NEWLY ELECTED Scottish Labour leader Kezia Dugdale said the party should not be afraid of opening up debate on the Trident nuclear weapons system at the party’s conference in October.

Ms Dugdale told BBC Radio Scotland that she wanted people to join the Labour Party and be active, “so that they can be part of political debate, so that they can debate ideas and so they can vote for Labour policy.”

Labour MSP Neil Findlay told the Star he was pleased with Ms Dugdale’s commitment to make the party “much more democratic” and welcomed the move towards “genuine open debate” within Scottish Labour.

Jeremy Corbyn’s principled opposition to Trident, which was warmly welcomed by thousands of people when he visited Scotland last week, has put pressure on Ms Dugdale’s own position regarding the weapons of mass destruction.

During the BBC interview, Ms Dugdale stuck to her commitment to multilateralism, saying: “The question that you have to ask is what is the best way to get other countries to give up their nuclear weapons? I think the way to do that is together on a multilateral basis.”

Scottish CND co-ordinator John Ainslie welcomed the call for debate but told the Star that he was “disappointed” that Ms Dugdale was not herself against Trident renewal.

He said that getting rid of the nuclear weapons “was a clear moral issue” supported by many during the Scottish independence referendum and again during the general election.

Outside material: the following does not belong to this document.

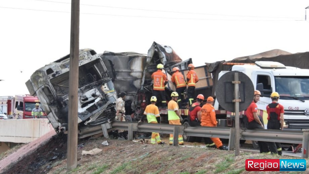 “Quando houve a colisão, a cabine foi deformada. Então a vítima não conseguiu sair. Ela ficou presa, ficou retida, às ferragens. E aí veio o fogo. A gente ainda não teve acesso ainda ao corpo, porque está prensado. Então logo a perícia libera e a gente vai fazer o afastamento das carretas”, declarou o Tenente Luan Luiz Rodrigues Nogueira, do Corpo de Bombeiros.

Mr Ainslie said the “widespread public opposition to Trident” across Scotland and the rest of Britain was “a key factor” in Mr Corbyn’s success.

Ms Dugdale acknowledged that not everyone shared her views and said she hoped to create a situation “where party members will have a much bigger say over how we construct Labour Party policy for the 2016 elections.”

SNP MSP Bill Kidd, co-president of Parliamentarians for Nuclear Non-Proliferation and Disarmament, attacked Labour for being “all over the place on key issues such as Trident.”

He said that the SNP was “crystal clear that we remain completely and utterly opposed to these abhorrent weapons of mass destruction.”